_DESCRIPTION OF THE TASK_:
In the material below, find the line containing "- Perfect for" and the line containing "the vineyard with". Output those two lines and all lines between them exactly, without pictures.

_RECORD EXCERPTS_:
* * * *
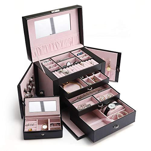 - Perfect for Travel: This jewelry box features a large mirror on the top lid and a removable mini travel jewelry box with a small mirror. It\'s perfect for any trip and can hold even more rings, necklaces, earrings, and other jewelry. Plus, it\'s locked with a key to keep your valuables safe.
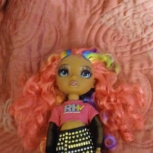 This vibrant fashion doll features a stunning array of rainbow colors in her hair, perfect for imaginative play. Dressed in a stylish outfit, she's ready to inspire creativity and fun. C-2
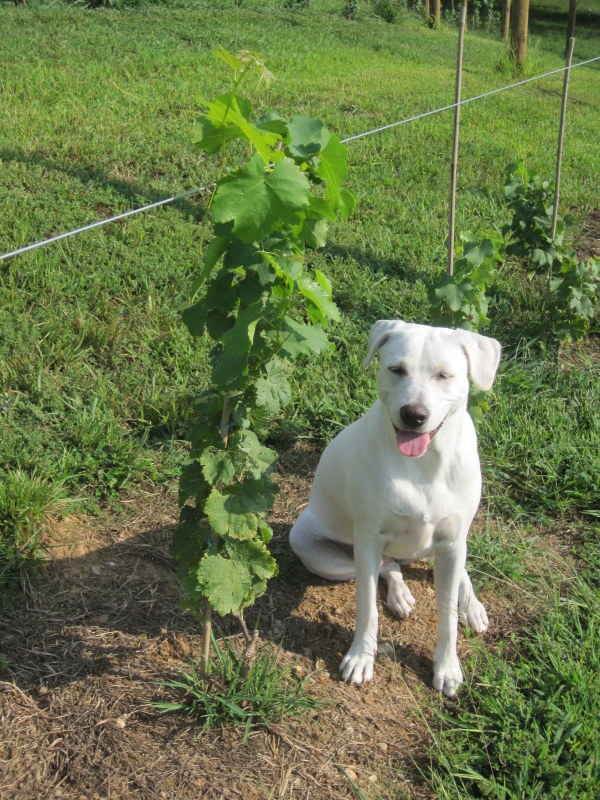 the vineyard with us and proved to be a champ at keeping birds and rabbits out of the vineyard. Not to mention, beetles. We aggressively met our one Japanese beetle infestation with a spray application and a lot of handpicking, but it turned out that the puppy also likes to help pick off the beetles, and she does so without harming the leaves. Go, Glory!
* * * *
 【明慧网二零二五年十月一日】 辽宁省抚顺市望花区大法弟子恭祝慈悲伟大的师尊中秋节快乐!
* * * *
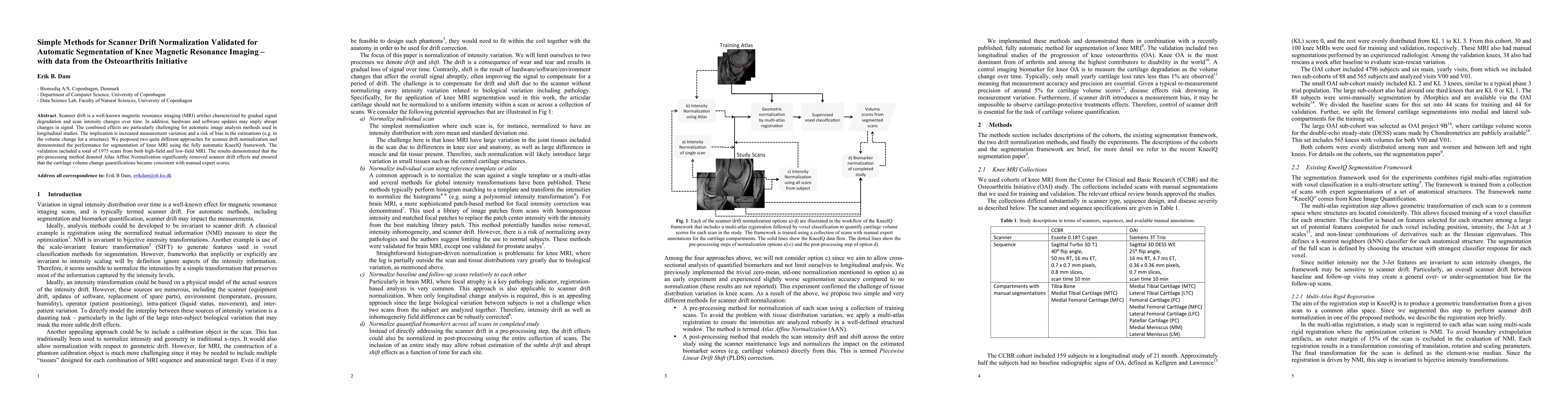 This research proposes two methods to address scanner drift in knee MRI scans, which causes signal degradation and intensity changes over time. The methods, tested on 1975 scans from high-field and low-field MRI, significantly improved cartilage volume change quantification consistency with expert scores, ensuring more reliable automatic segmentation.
* * * *
_RESPONSE TO THE TASK_:
 - Perfect for Travel: This jewelry box features a large mirror on the top lid and a removable mini travel jewelry box with a small mirror. It\'s perfect for any trip and can hold even more rings, necklaces, earrings, and other jewelry. Plus, it\'s locked with a key to keep your valuables safe.
 This vibrant fashion doll features a stunning array of rainbow colors in her hair, perfect for imaginative play. Dressed in a stylish outfit, she's ready to inspire creativity and fun. C-2
 the vineyard with us and proved to be a champ at keeping birds and rabbits out of the vineyard. Not to mention, beetles. We aggressively met our one Japanese beetle infestation with a spray application and a lot of handpicking, but it turned out that the puppy also likes to help pick off the beetles, and she does so without harming the leaves. Go, Glory!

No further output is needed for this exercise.